Items from a dataset
---
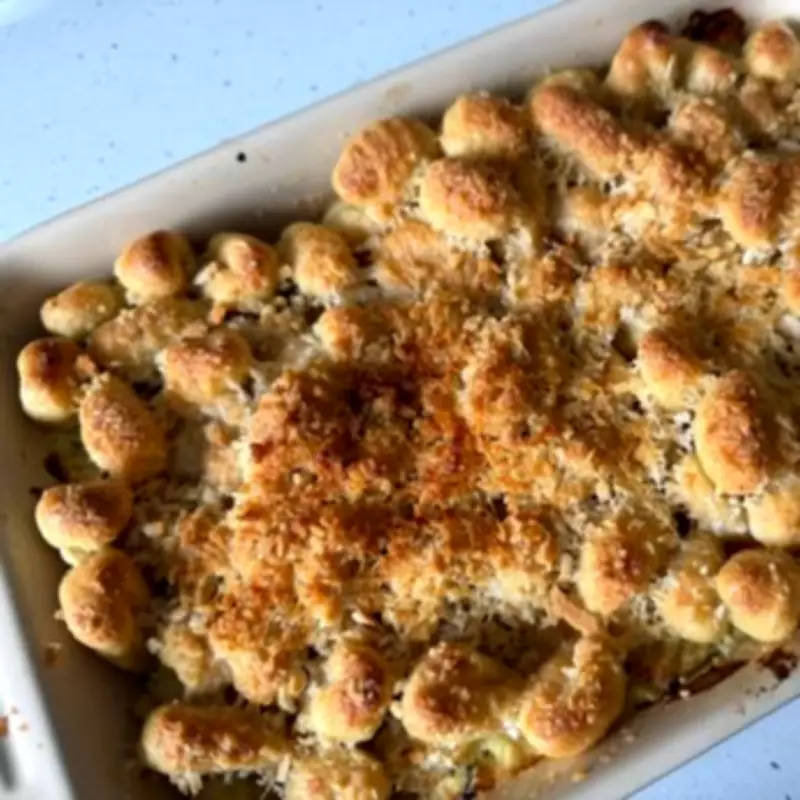 After a swift drain, the gnocchi is arranged atop the pie filling. To enhance the dish, generous amounts of grated Parmesan cheese are added, along with panko breadcrumbs for extra texture. This combination creates a crunchy shell that hides a pillowy centre, reminiscent of miniature roast potatoes.
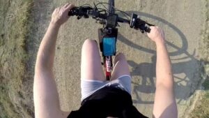 Naked and horny in public POV – Riding nude in nature, shaved body, masturbation until cumshot
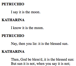 In this excerpt from the play, Katherine and Petruchio are arguing over whether the sun or the moon is in the sky. Katherine know it is the sun in the sky, but Petruchio will not agree with her. Hortensio, friend and wingman to Petruchio, insist that Katherine agree with Petruchio or the argument will never drop. Once Katherine gives in and agrees with Petruchio, he then rebuttals his arguments saying the sun is indeed in the sky and Katherine had just lied. Petruchio now sees Katherine as his puppet; he owns her. She will now do or say whatever he wants. At this point in the play Katherine goes along with Petruchio's ideas to avoid conflict with him. This tactic of “giving in” is also used in the movie.
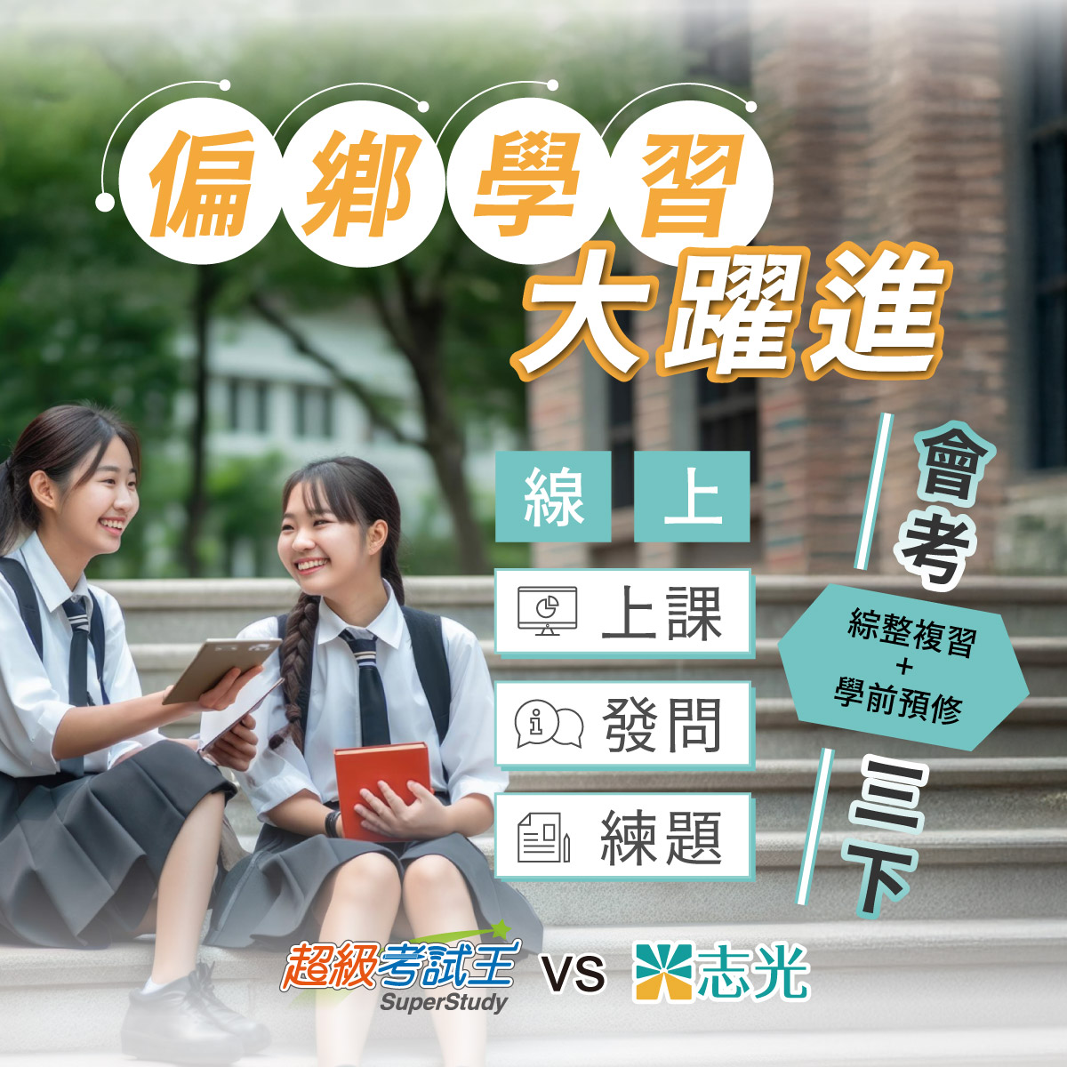 分科測驗、學測、高中進度 下學期先修、國中會考、國高中補習,超級考試王全國連鎖補習班,名師雲端線上學習,新型態模式,兼顧彈性與專注,課輔資源皆提供。獨家限定在地學子優惠價,超級考試王課程全面3折起,7/31前學霸之路有你挺我活動,優惠再享最高2500元折扣優惠。新北市、台北市、基隆 地區分校,邀請您立即預約免費試讀
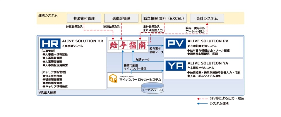 マイナンバーの管理には、給与指南と親和性が高いMBの「パッケージプラス®マイナンバーロッカーシステム」を採用。新たに導入する人事管理システムについてはMBの「ALIVESOLUTION」の中から「人事情報システム(HR)」「給与明細書配信システム(PV)」「年末調整申告システム(YA)」を採用しました。
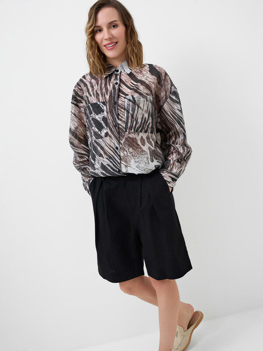 Классические женские льняные шорты. Модель средней длины, чуть выше колена. Комфортная посадка и прямой силуэт, который немного расширяется к низу. Шорты застёгиваются на молнию и пуговицу, и имеют боковые карманы. Пояс дополнен шлёвками для ремня.
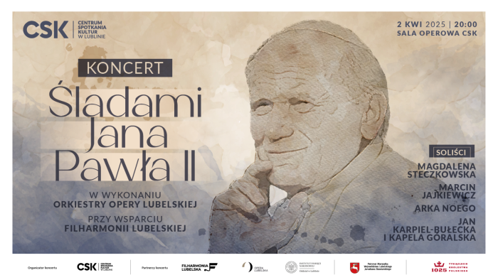 Koncert „Śladami Jana Pawła II” w lubelskim Centrum Spotkania Kultur to muzyczne wydarzenie upamiętniające papieża Polaka i jego przesłanie o wspólnocie i pojednaniu. Wystąpią Orkiestra Opery Lubelskiej, Filharmonia Lubelska oraz goście specjalni, w tym Magda Steczkowska, Marcin Jajkiewicz i Arka Noego. W programie znajdą się utwory inspirowane nauczaniem Jana Pawła II oraz fragmenty jego przemówień. Koncert zakończy wykonanie „Barki” – ulubionej pieśni papieża.
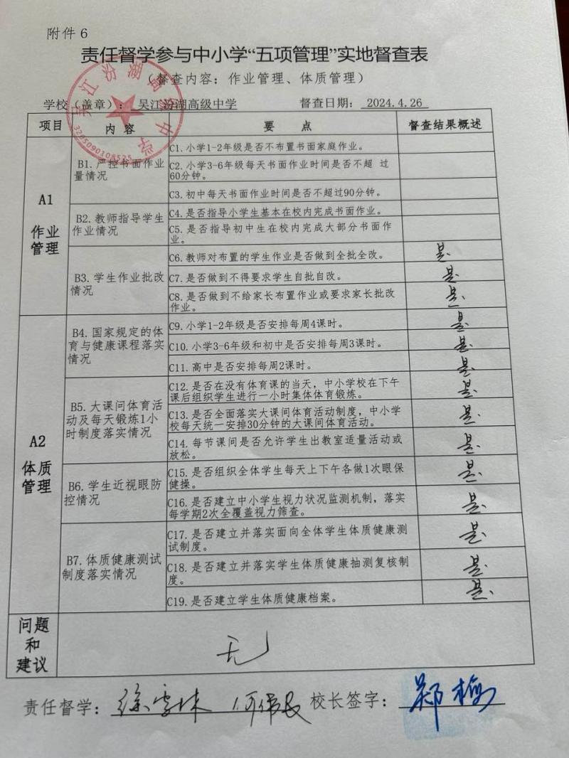 1.规定动作:每月的“心理健康教育”、五项管理、“双减”工作督导。其中“五项管理”重点督导“作业管理和体质管理”2个项目。
---
* [What to do]: An exact copy of the records is required. Pictures do not belong in it.

* [Exercise response]:
 After a swift drain, the gnocchi is arranged atop the pie filling. To enhance the dish, generous amounts of grated Parmesan cheese are added, along with panko breadcrumbs for extra texture. This combination creates a crunchy shell that hides a pillowy centre, reminiscent of miniature roast potatoes.
 Naked and horny in public POV – Riding nude in nature, shaved body, masturbation until cumshot
 In this excerpt from the play, Katherine and Petruchio are arguing over whether the sun or the moon is in the sky. Katherine know it is the sun in the sky, but Petruchio will not agree with her. Hortensio, friend and wingman to Petruchio, insist that Katherine agree with Petruchio or the argument will never drop. Once Katherine gives in and agrees with Petruchio, he then rebuttals his arguments saying the sun is indeed in the sky and Katherine had just lied. Petruchio now sees Katherine as his puppet; he owns her. She will now do or say whatever he wants. At this point in the play Katherine goes along with Petruchio's ideas to avoid conflict with him. This tactic of “giving in” is also used in the movie.
 分科測驗、學測、高中進度 下學期先修、國中會考、國高中補習,超級考試王全國連鎖補習班,名師雲端線上學習,新型態模式,兼顧彈性與專注,課輔資源皆提供。獨家限定在地學子優惠價,超級考試王課程全面3折起,7/31前學霸之路有你挺我活動,優惠再享最高2500元折扣優惠。新北市、台北市、基隆 地區分校,邀請您立即預約免費試讀
 マイナンバーの管理には、給与指南と親和性が高いMBの「パッケージプラス®マイナンバーロッカーシステム」を採用。新たに導入する人事管理システムについてはMBの「ALIVESOLUTION」の中から「人事情報システム(HR)」「給与明細書配信システム(PV)」「年末調整申告システム(YA)」を採用しました。
 Классические женские льняные шорты. Модель средней длины, чуть выше колена. Комфортная посадка и прямой силуэт, который немного расширяется к низу. Шорты застёгиваются на молнию и пуговицу, и имеют боковые карманы. Пояс дополнен шлёвками для ремня.
 Koncert „Śladami Jana Pawła II” w lubelskim Centrum Spotkania Kultur to muzyczne wydarzenie upamiętniające papieża Polaka i jego przesłanie o wspólnocie i pojednaniu. Wystąpią Orkiestra Opery Lubelskiej, Filharmonia Lubelska oraz goście specjalni, w tym Magda Steczkowska, Marcin Jajkiewicz i Arka Noego. W programie znajdą się utwory inspirowane nauczaniem Jana Pawła II oraz fragmenty jego przemówień. Koncert zakończy wykonanie „Barki” – ulubionej pieśni papieża.
 1.规定动作:每月的“心理健康教育”、五项管理、“双减”工作督导。其中“五项管理”重点督导“作业管理和体质管理”2个项目。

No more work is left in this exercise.